Mel Brooks, satirist extraordinaire, will receive the American Film Institute's Life Achievement Award, the organization said Friday.
In a career that has stretched across six decades, from Broadway to Hollywood, Brooks has deftly interwoven sophisticated wordplay and jokes about flatulence in such films as "Blazing Saddles," "Spaceballs" and "Young Frankenstein." He won an Oscar for his screenplay to the 1968 film version of "The Producers."
He has been largely absent from the screen in recent years and is best known to a younger generation for his musical adaptation of "The Producers" — an uproarious box office smash that netted him several Tony Awards. He also turned up on "Curb Your Enthusiasm" in 2004, when the focus of the season was on Larry David appearing in "The Producers."

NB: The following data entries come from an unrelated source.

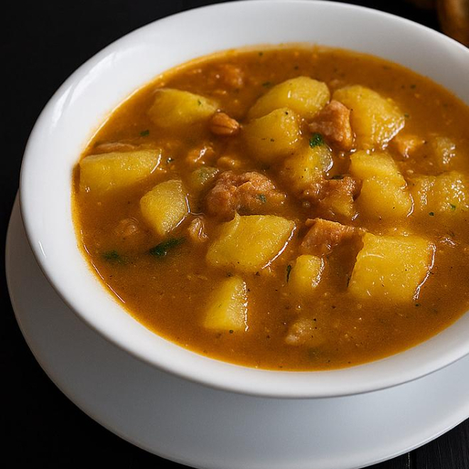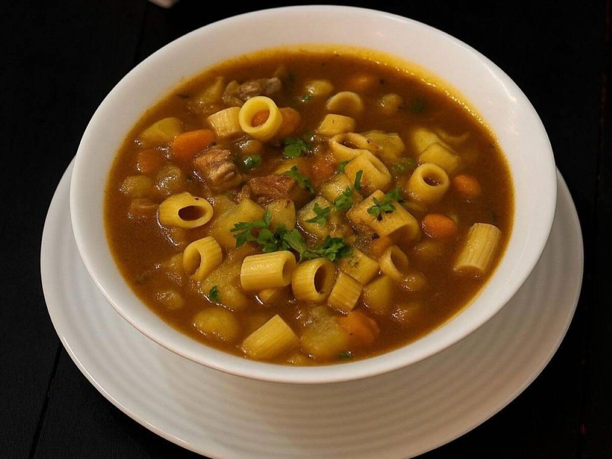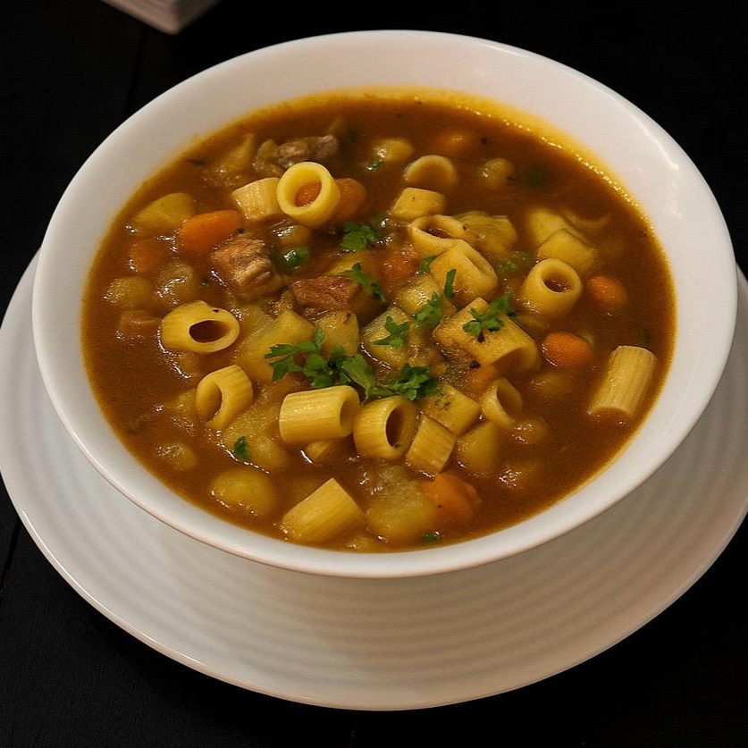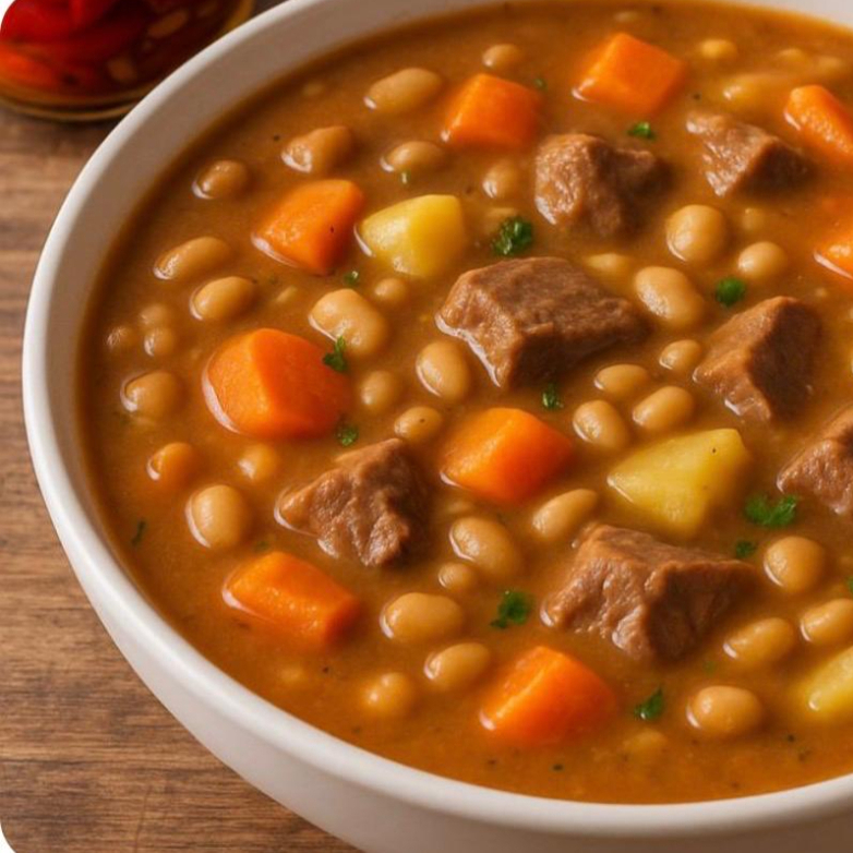 Deliciosa sopa de legumes com pedaços de carne bem molinha e suculenta.
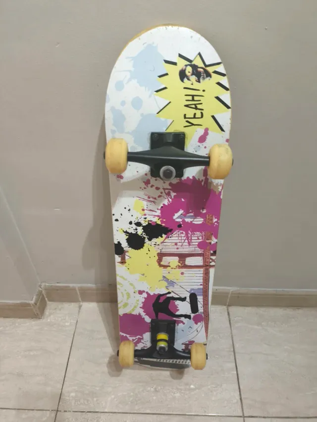 Skate Kinskate 69x20 cm. Monopatin de 7 capas de madera de arce con rodamientos ABEC- 7. - Ruedas de color amarillo. - Ejes negros.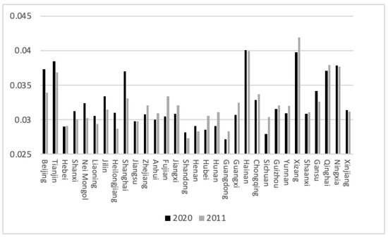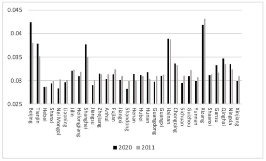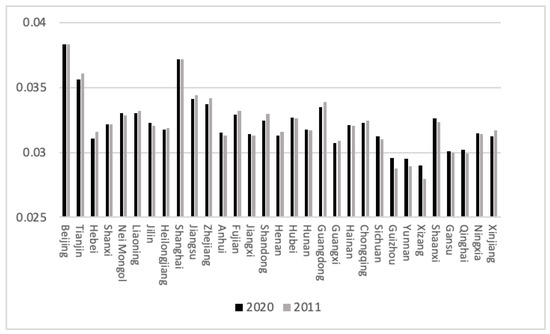 Figure 1 shows that the proportion of HDI in Guizhou, Yunnan, Xizang, Shaanxi and Qinghai increased in the target year range. The HDI increase in these five provinces was greater than that of other provinces, among which Guizhou and Yunnan paid more attention to health from 2011 to 2020, and Xizang attached great importance to education, which was the reason for the rapid growth of HDI in these three provinces. The proportion of HDI in Tianjin, Hebei, Zhejiang, Anhui, Shandong, Henan and Xinjiang decreased to varying degrees. The HDI of these provinces did increase, but the growth rate was slower than that of the other provinces. Among them, the five provinces of Tianjin, Hebei, Zhejiang, Shandong and Xinjiang, which had a large decline, encountered bottlenecks in economic development, and the per capita GDP after the deflation of the GDP index fell in the target year range. The proportion of HDI in most other provinces, such as Beijing and Shanxi, did not change substantially in the target year range and was in a state of steady development.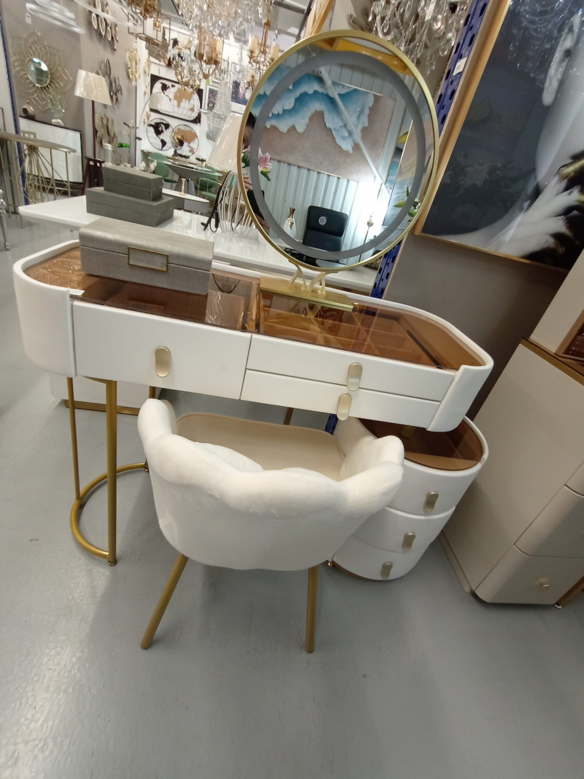 Cu un blat de sticlă transparentă, această măsuță de toaletă emană un aspect glamour și modern. Conținutul pachetului include masa de toaletă cu sertare,oglinda, dulapul lateral și scaunul.

"Mel Brooks is America's long-reigning king of comedy — as he taught us long ago, it's good to be the king," Howard Stringer, chairman of AFI's board of trustees, said in a statement. "He's a master of an art form that rarely gets the respect it deserves, and it's AFI's honor to shine a bright light on laughter by presenting Mel Brooks the 41st AFI Life Achievement Award."
Brooks joins a list of stars and directors including Clint Eastwood, Jack Nicholson, Barbra Streisand, Tom Hanks, Sean Connery, Warren Beatty, Steven Spielberg, John Ford and Fred Astaire. Shirley Maclaine received the award last year. The award, considered one of the industry's highest honors, rarely goes to a comedian.
As a producer, Brooks favored more dramatic fare, backing David Lynch's Oscar-nominated "The Elephant Man," a 1980 biopic about the severely deformed Joseph Merrick.
Brooks will receive the award at a gala tribute in Los Angeles on June 6, 2013. The ceremony will be broadcast on TNT.